Personal information
- Full name: David Paterson Watt
- Born: 1885 Dunbar, East Lothian, Scotland
- Died: 25 April 1917 (aged 31) Kent, England
- Sporting nationality: Scotland

Career
- Status: Professional
- Professional wins: 1

Best results in major championships
- Masters Tournament: DNP
- PGA Championship: DNP
- U.S. Open: DNP
- The Open Championship: T25: 1914

= Davie Watt =

Scottish professional golfer

David Paterson Watt (1885 – 25 April 1917) was a Scottish professional golfer. He won the Scottish Professional Championship in 1914. He was one of the few left-handed golfers of the period. Watt was in the Cameron Highlanders during World War I but died following a leg amputation.

==Early life==
Watt was born in 1885 in Dunbar, East Lothian, Scotland. He had four golfing brothers: Jim, John, Robert and Willie.

==Golf career==
While at Dirleton, Watt was runner-up to Willie Binnie in the 1909 Dunlop Cup, taking the second prize of £5.

In 1910 Watt became the professional at Mortonhall Golf Club, just south of Edinburgh.

Watt was runner-up in the 1912 Scottish Professional Championship. at Dunbar, 5 strokes behind his brother Willie.

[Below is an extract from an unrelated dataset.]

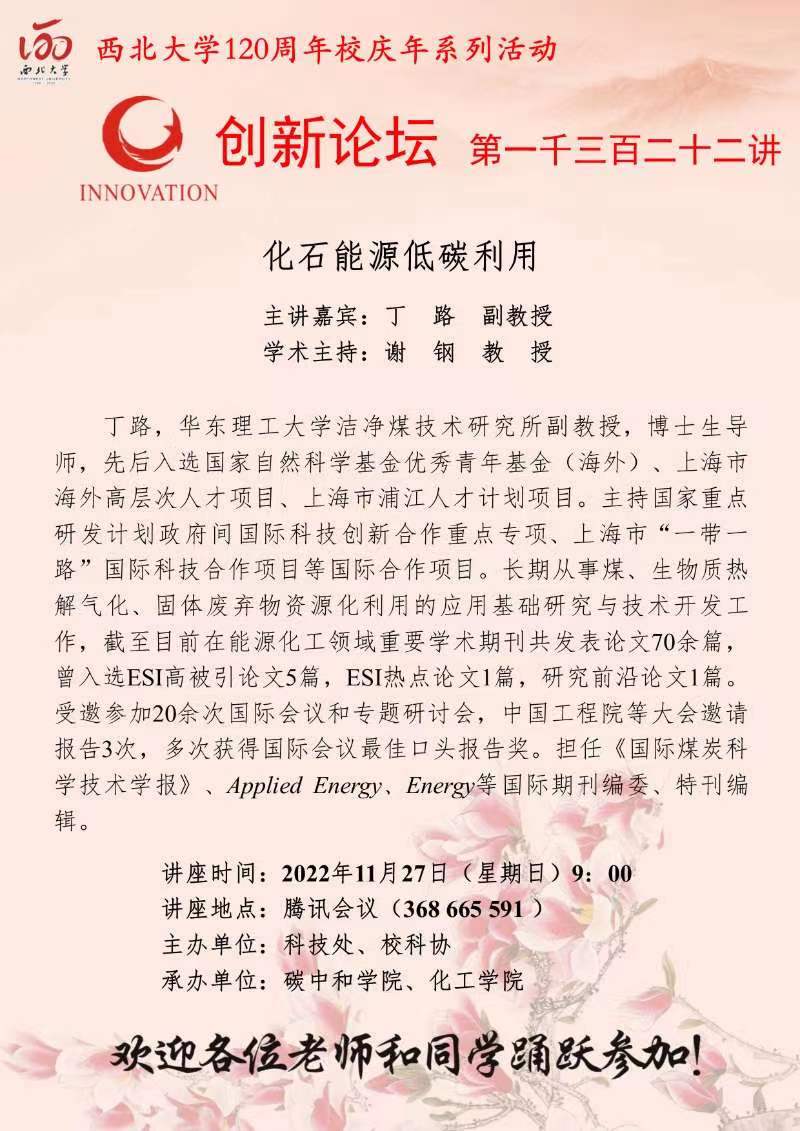 丁路 副教授 乐动网页版登录入口创新论坛第一千三百二十二讲暨120周年校庆年系列活动: 化石能源低碳利用 讲座时间 2022年11月27日(星期日) 9:00 讲座地点 腾讯会议368 665 591 讲座人介绍 丁路 副教授 讲座内容

He took the second prize of £15. He went one better in the 1914 Championship at Glen Golf Club, beating Willie by 2 strokes and winning the first prize of £20. Willie led by 5 shots after the third round but took 78 in the final round to Davie's excellent 71. Willie came to the last hole needing 4 to tie but got into two bunkers and took 6. Watt played in the 1914 Open Championship at Prestwick Golf Club and finished tied for 25th place, again two shots better than Willie.

==Death==
Watt died on 25 April 1917 in a Kent Hospital. He was in the Cameron Highlanders and died following a leg amputation. He was buried in Newington Cemetery in Edinburgh. His name is on the Dirleton War Memorial.

==Tournament wins==
- 1914 Scottish Professional Championship

==Results in major championships==

| Tournament | 1914 |
|---|---|
| The Open Championship | T25 |

Note: Watt only played in The Open Championship.